AT&T is also merging its WarnerMedia unit with Discovery Inc. to create a new independent company. Both moves are intended to return AT&T to its roots in telecommunications, with a stronger focus on 5G wireless and fiber broadband networks.

The WarnerMedia division continued its growth in streaming, adding 2.8 million more U.S. HBO and HBO Max subscribers in the second quarter, for a total of 47 million. AT&T reported about 67.5 million worldwide subscribers to the premium channel and the streaming service, and now says it will have 70 million to 73 million by the end of 2021. The company no longer discloses an activation figure for HBO Max.

AT&T raised its forecast for adjusted earnings growth, and now predicts a low- to mid-single-digit gain for the year. Analysts expected earnings to be unchanged from the prior year.

AT&T shares were little changed at $27.90 in New York trading at 1:15 p.m. The stock was down 3% this year through Wednesday’s close, lagging behind the 7.2% gain for T-Mobile. Verizon was down 4.8 % in the same period.

Wireless Surge

AT&T has the most aggressive so-called free-phone promotion this year. Verizon started a similar offer in June but ended it this week. Both carriers are racing to catch up to T-Mobile in 5G network expansion, particularly in midband frequencies that promise huge leaps in speed and performance.

What Bloomberg Intelligence says

“This earnings beat suggests the wireless segment may stay strong in 2H, as any risk of share loss could be limited by an aggressive iPhone offer that may be attracting new users.”

--John Butler, telecom analystClick here to read the research.

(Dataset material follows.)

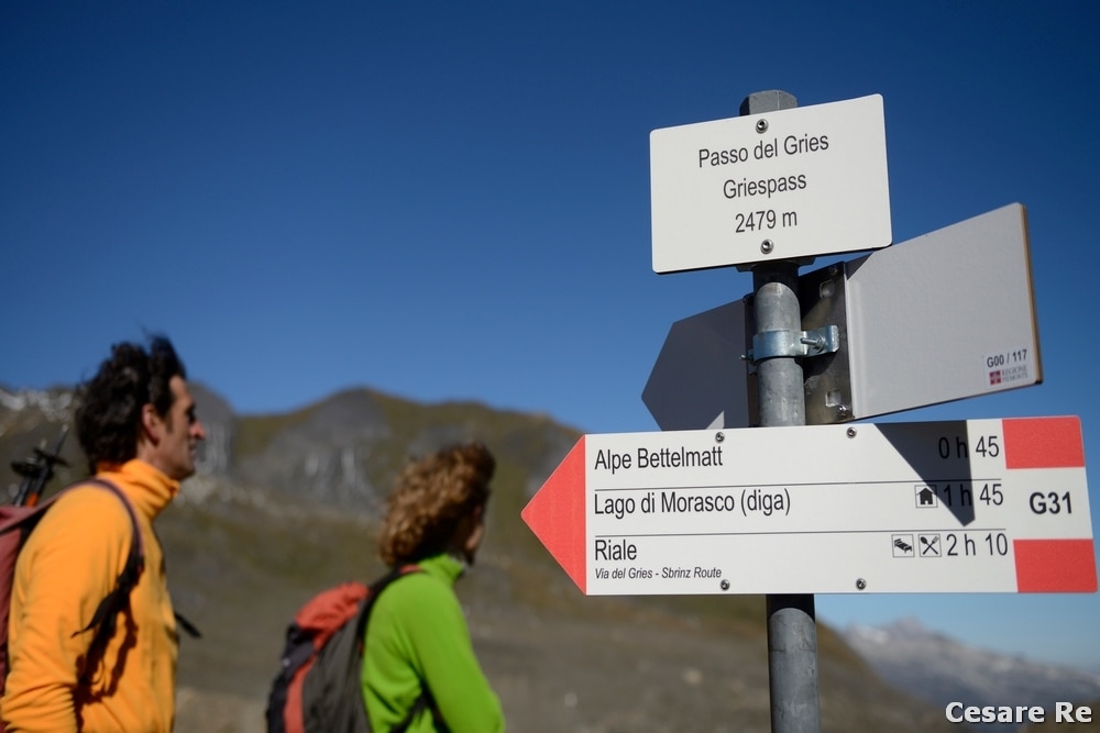 Ancora una ripida salita e si arriva al pianoro e alla palina che segnala il Passo Gries (2462 m; 2,30 ore; + 734 m), al confine elvetico, circondato da un paesaggio quasi circolare, con roccia e morene, la piramide della Punta dei Camosci (3044 m), la vetta del Blinnenhorn (3374 m), con il discendente Ghiacciaio di Gries che, in tempi più freddi, declinava verso le acque del lago, dove oggi è ben visibile la roccia liscia e levigata. Si fiancheggiano dal sentiero sovrastante, le rive del lago, proseguendo verso l’intaglio del Passo del Corno (2485 m) che discende poi nella valle omonima. Si prosegue in falsopiano, costeggiando due laghetti di fusione, per scendere sino alla Capanna Corno Gries (2338 m; 1,30 ore dal Passo Gries), con ampio panorama soprattutto sulle ravvicinate forme della Scaglia del Corno (2640 m). Si scende, ignorando la deviazione che scende in Val Bedretto, per costeggiare le cime del gruppo della Punta di Elgio. Alcuni tratti moderatamente esposti, consentono di proseguire sino a deviare sulla destra (cartelli) e raggiungere il Passo San Giacomo (2313 m; 1,45 ore dalla Capanna Corno Gries) che immette in territorio italiano. Si scende ora verso il Bacino del Toggia (G 20), sovrastato dal Basodino (3272 m) e su ampia mulattiera sterrata, si arriva al Rifugio Maria Luisa (2160 m; 1 ora dal Passo San Giacomo). Da qui si scende lungo la carrozzabile sterrata (G 20), con bella vista sul Corno di Ban e sul Lago di Morasco, per tornare sino a Riale ed al parcheggio (1 ora dal Maria Luisa).

Consumers have been flocking to the phone promotions in part to upgrade to 5G devices. With expected new Apple iPhones and other flagship phones coming later this year, seasonally high demand may collide with some chip shortages resulting from lingering supply-chain constraints.

AT&T’s Desroches says he’s heard from other buyers that there are possible inventory limits.

“We haven’t seen it ourselves,” he said. “The suppliers that we are talking to all indicate that they should be able to meet our needs. But it would be imperative for us to to keep an eye on it.”